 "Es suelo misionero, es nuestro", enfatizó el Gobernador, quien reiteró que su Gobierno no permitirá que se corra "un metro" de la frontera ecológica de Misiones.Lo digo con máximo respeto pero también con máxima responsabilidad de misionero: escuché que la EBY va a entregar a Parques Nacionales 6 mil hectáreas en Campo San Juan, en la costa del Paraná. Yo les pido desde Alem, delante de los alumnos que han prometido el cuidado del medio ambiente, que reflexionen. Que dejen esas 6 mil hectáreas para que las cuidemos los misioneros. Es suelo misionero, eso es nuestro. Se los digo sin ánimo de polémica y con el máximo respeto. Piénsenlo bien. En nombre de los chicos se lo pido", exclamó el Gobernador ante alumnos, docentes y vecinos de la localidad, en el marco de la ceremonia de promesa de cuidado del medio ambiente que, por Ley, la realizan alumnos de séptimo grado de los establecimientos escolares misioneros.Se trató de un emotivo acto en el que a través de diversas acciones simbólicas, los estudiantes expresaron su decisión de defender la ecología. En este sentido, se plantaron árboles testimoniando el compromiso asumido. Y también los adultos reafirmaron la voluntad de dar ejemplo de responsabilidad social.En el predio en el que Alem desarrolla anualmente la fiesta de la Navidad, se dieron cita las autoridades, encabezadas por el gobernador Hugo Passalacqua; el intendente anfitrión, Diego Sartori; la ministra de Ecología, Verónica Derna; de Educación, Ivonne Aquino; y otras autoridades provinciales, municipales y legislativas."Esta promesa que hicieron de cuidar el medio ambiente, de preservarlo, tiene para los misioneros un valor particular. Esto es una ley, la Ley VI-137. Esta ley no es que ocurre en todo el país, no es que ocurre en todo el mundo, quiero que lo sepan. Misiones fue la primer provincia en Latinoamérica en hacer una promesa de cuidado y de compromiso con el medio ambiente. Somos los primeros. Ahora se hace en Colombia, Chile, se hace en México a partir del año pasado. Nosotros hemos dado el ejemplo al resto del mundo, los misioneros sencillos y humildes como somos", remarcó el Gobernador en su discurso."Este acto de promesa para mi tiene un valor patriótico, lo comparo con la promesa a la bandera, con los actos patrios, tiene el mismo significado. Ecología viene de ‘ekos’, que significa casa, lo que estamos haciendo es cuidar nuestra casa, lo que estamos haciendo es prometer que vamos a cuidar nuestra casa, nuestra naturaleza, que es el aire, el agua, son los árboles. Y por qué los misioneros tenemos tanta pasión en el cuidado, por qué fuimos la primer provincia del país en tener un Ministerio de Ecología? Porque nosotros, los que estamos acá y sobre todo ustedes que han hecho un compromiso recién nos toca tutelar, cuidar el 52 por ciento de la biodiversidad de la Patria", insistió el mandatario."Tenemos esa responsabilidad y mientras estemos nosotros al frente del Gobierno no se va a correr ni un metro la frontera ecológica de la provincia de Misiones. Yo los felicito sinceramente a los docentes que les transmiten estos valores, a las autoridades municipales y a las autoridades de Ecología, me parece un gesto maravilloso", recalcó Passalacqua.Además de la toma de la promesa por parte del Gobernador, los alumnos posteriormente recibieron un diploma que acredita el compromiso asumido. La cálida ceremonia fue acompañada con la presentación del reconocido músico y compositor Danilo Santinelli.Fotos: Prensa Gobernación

---

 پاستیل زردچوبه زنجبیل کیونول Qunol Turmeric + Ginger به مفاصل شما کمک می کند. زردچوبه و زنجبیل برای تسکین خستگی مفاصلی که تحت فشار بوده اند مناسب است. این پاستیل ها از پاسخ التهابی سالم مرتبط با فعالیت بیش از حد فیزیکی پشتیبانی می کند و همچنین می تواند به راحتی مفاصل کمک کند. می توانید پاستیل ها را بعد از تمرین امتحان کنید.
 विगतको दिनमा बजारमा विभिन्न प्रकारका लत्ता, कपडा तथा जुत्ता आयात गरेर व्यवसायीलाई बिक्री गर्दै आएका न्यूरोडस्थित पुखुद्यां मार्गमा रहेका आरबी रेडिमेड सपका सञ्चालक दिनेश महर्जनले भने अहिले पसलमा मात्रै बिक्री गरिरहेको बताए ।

● **What you are asked to do**
Copy exactly the stretch of data above from the line with "پاستیل زردچوبه زنجبیل" through the line with "विगतको दिनमा बजारमा", and omit all other lines.

● **Exercise response**
 پاستیل زردچوبه زنجبیل کیونول Qunol Turmeric + Ginger به مفاصل شما کمک می کند. زردچوبه و زنجبیل برای تسکین خستگی مفاصلی که تحت فشار بوده اند مناسب است. این پاستیل ها از پاسخ التهابی سالم مرتبط با فعالیت بیش از حد فیزیکی پشتیبانی می کند و همچنین می تواند به راحتی مفاصل کمک کند. می توانید پاستیل ها را بعد از تمرین امتحان کنید.
 विगतको दिनमा बजारमा विभिन्न प्रकारका लत्ता, कपडा तथा जुत्ता आयात गरेर व्यवसायीलाई बिक्री गर्दै आएका न्यूरोडस्थित पुखुद्यां मार्गमा रहेका आरबी रेडिमेड सपका सञ्चालक दिनेश महर्जनले भने अहिले पसलमा मात्रै बिक्री गरिरहेको बताए ।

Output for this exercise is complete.